* What is expected: The expected output is an exact copy of each line from the line with "New Balance Boys" through the end of the data below, with no pictures in it.

------ Data shown ------

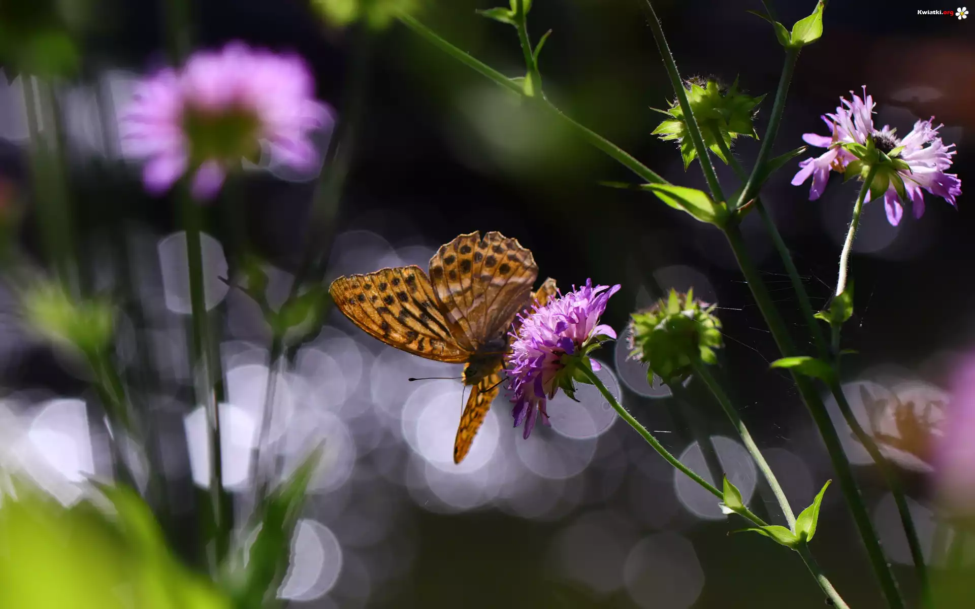 Lato, Kwiaty, Motyl, Bokeh - Zdjęcia
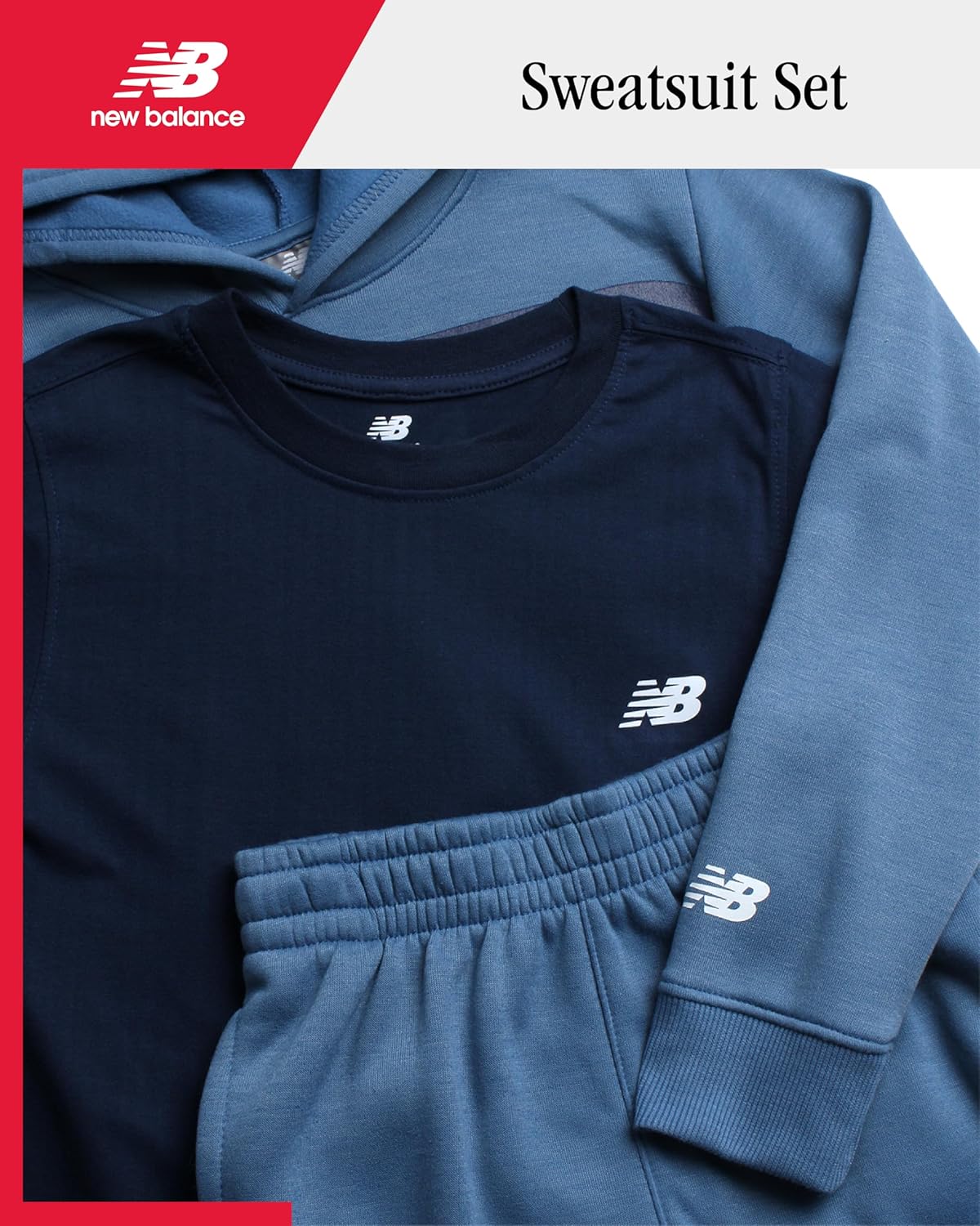 New Balance Boys Sweat Suit Set – 3 Piece Short Sleeve Graphic Tee, Fleece Pullover Hoodie and Jogger Pants for Boys (4-16)
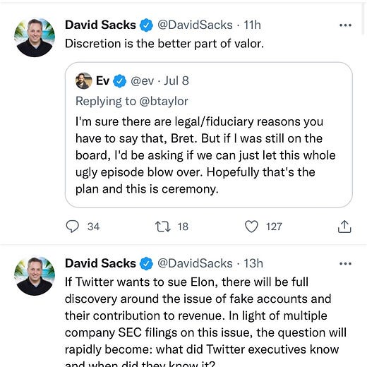 As many of you know, Elon Musk is trying to get out of a deal he signed to buy Twitter for $44 billion. Now, Twitter is suing him to close the deal, which I believe will be fought in a Delaware court. I won’t bore you again with the details (here's an update from Bloomberg), but I’ve become intrigued with the Silicon Valley people defending Musk and opposing Twitter:

------

* Answer:
 New Balance Boys Sweat Suit Set – 3 Piece Short Sleeve Graphic Tee, Fleece Pullover Hoodie and Jogger Pants for Boys (4-16)
 As many of you know, Elon Musk is trying to get out of a deal he signed to buy Twitter for $44 billion. Now, Twitter is suing him to close the deal, which I believe will be fought in a Delaware court. I won’t bore you again with the details (here's an update from Bloomberg), but I’ve become intrigued with the Silicon Valley people defending Musk and opposing Twitter:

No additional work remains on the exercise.